And now we have the problem - if we try to execute a command using the client from the connection pool:

 TRACE fred::multiplexer::commands    > fred-JUKIBXKdhV: Recv command on multiplexer SET. Buffer len: 0
 DEBUG fred::multiplexer::commands    > fred-JUKIBXKdhV: Will block multiplexer loop waiting on SET to finish.
 TRACE fred::multiplexer              > fred-JUKIBXKdhV: Skip waiting on cluster sync.
 DEBUG fred::multiplexer::utils       > fred-JUKIBXKdhV: Writing command SET to redis:6379
 TRACE fred::protocol::connection     > fred-JUKIBXKdhV: Sending command and flushing the sink.
 TRACE redis_protocol::utils          > allocating more, len: 0, amt: 40
 TRACE fred::protocol::codec          > fred-JUKIBXKdhV: Encoded 40 bytes to 10.0.78.183:6379. Buffer len: 40 (RESP2)
 TRACE tokio_util::codec::framed_impl > flushing framed transport
 TRACE tokio_util::codec::framed_impl > writing; remaining=40
 TRACE tokio_util::codec::framed_impl > framed transport flushed
 DEBUG fred::multiplexer::commands    > fred-JUKIBXKdhV: Waiting on last request to finish without pipelining.
 TRACE tokio_util::codec::framed_impl > attempting to decode a frame
 TRACE fred::protocol::codec          > fred-JUKIBXKdhV: Recv 5 bytes from 10.0.78.183:6379 (RESP2).
 TRACE fred::protocol::codec          > fred-JUKIBXKdhV: Parsed 5 bytes from 10.0.78.183:6379
 TRACE tokio_util::codec::framed_impl > frame decoded from buffer
 TRACE fred::multiplexer::responses   > fred-JUKIBXKdhV: Processing response from redis:6379 to SET with frame kind SimpleString
 TRACE fred::multiplexer::responses   > fred-JUKIBXKdhV: Writing to multiplexer sender to unblock command loop.
 WARN  fred::multiplexer::responses   > fred-JUKIBXKdhV: Error sending cmd loop response: ()
 TRACE fred::multiplexer::responses   > fred-JUKIBXKdhV: Responding to caller for SET
 WARN  fred::multiplexer::responses   > fred-JUKIBXKdhV: Failed to respond to caller.
 TRACE tokio_util::codec::framed_impl > attempting to decode a frame
 TRACE fred::protocol::codec          > fred-JUKIBXKdhV: Recv 0 bytes from 10.0.78.183:6379 (RESP2).
resp Err(Redis Error - kind: Timeout, details: Request timed out.)

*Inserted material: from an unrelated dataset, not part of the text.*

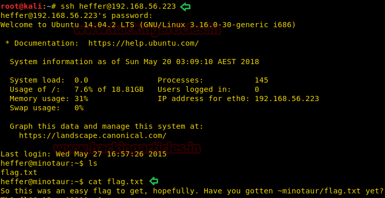 We found the passwords for both heffer and minotaur. Please recall that port number 22 i.e. for ssh was open and we can use it to log in and for this type:
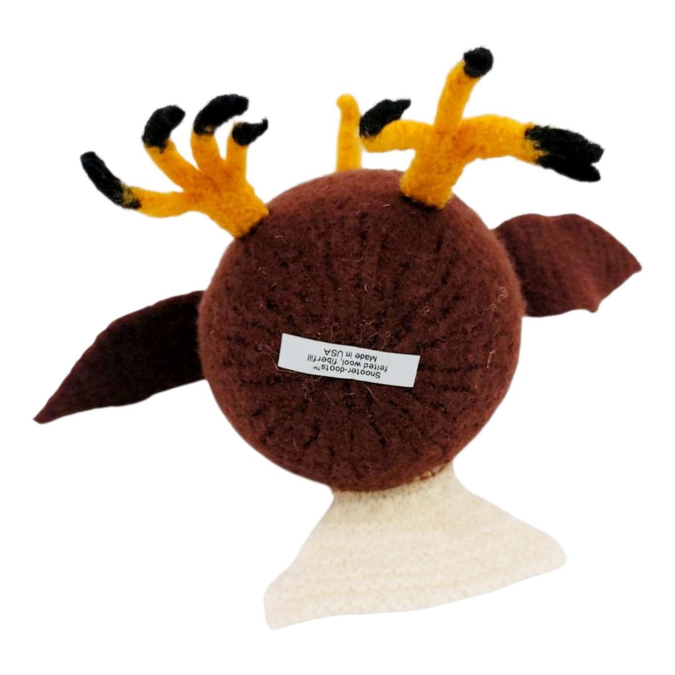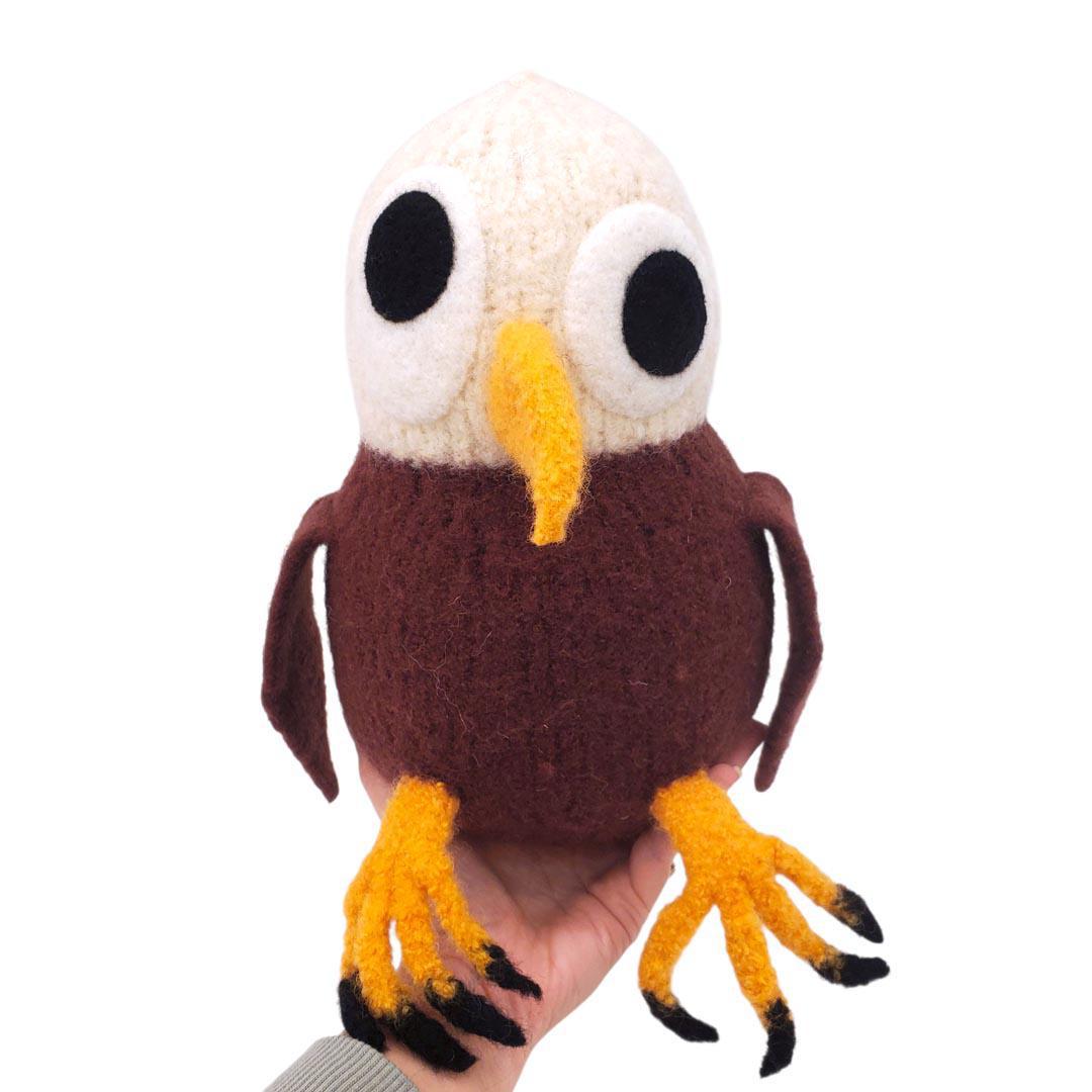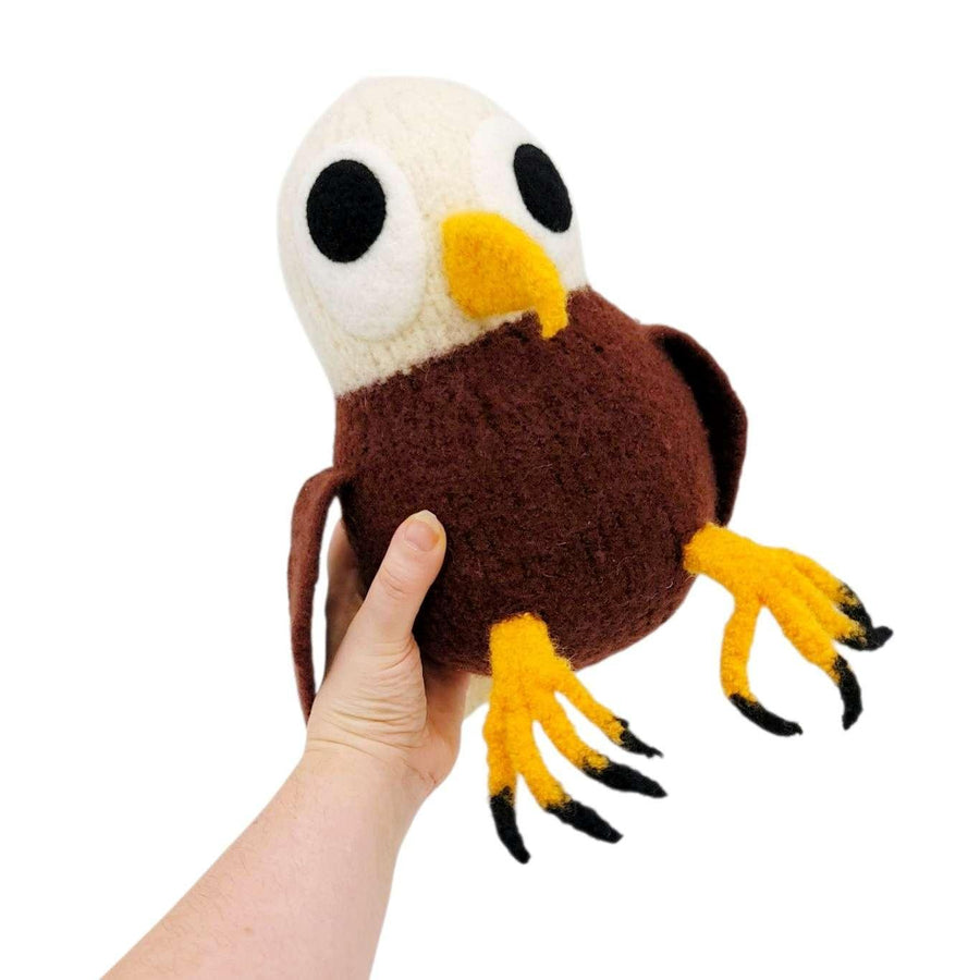 New Eagle friend created by Mama Snooter of Snooter-doots! Hand-knit to about 3x its finished size, Mama puts the 100% wool form into a hot soapy washer to shrink and "felt" the knit fabric down to just the right size then stuffs it firmly with new fiberfill. Final details and signature 'Doot eyes are added by needle felting, and a Snooter-doot is born!

The command is actually executed (we can verify this using redis-cli and checking that the key has been SET in the redis cluster.). All following requests using this client will now result in timeouts (although the command is in fact executed!) .

We use tokio v1.20.1 for reference.

If we use a headless service in k8s, we do not experience this problem (as the DNS will resolve with 0 ip-addresses when the deployment is scaled to 0 replicas, and resolve the new ip-address once the pod has been moved to the other node).

Sep 01 '22 15:09 birkmose

Hi @birkmose, thanks for the comprehensive bug report.

This seems related to https://github.com/aembke/fred.rs/issues/59, at least in terms of the underlying issue with the implementation. Unfortunately the fix to either is highly invasive, but that's what I've been working on for the last several weeks. Version 6 will fix both and I'm hoping to have that out in the next week or two.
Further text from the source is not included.